LoRA is what you’re looking for: ~1 % of weights, standard format, reasonable duration.
GPU mandatory: ≥ 8 GB CUDA VRAM, or free Google Colab (T4 16 GB) otherwise.
Minimal pipeline: Unsloth + qwen2.5-coder:7b-bnb-4bit + ~1000 examples + 1-2 h on a T4 → GGUF model loadable into Ollama.
One line changes in our demos: MODEL_NAME = "qwen-mycorp:7b". The rest (loop, tools, security) stays identical.
If it doesn’t work, it’s almost always the data: too little, too noisy, or too mono-thematic. Not the fine-tuning code.
Measure before/after with an eval set, otherwise you’re fine-tuning by feel — and that always ends badly.

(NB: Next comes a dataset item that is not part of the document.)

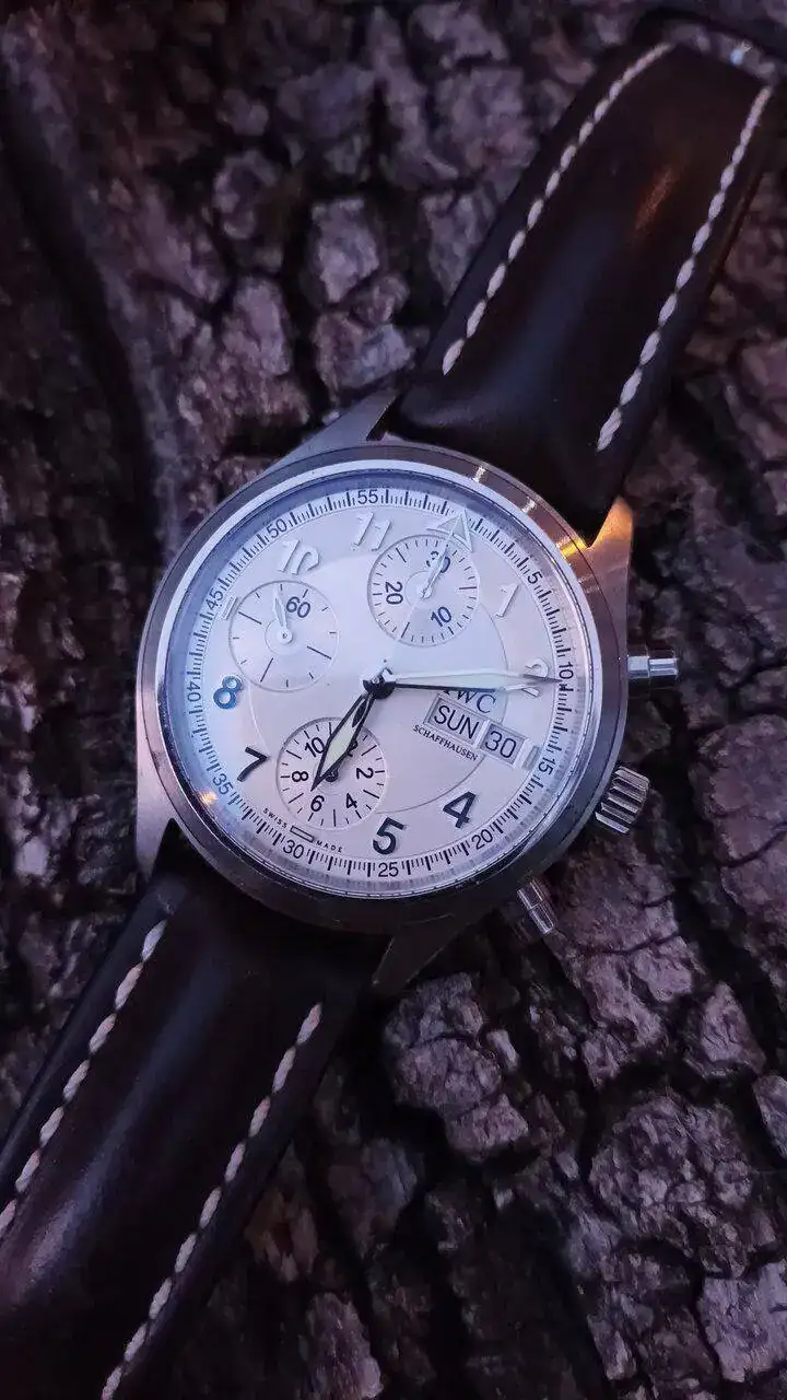Preciosa fotografÃa del IWC sobre cortezs de pino. Crono fantásticoFeliz lunes foro.

Closing words (for real this time)

The course took you from:

“What is an LLM?” (chap 01)

to:

“I can fine-tune my own code model in my team’s style, deploy it locally with Ollama, and plug it into the agents of demos 3 and 4 without changing the rest of the code.” (chap 14)

That’s plenty for a term-long course, a final project, or kicking off an internal product. Your move.

The model thinks. The tools act. The compiler verifies. The human validates. And now, the model can also speak your dialect.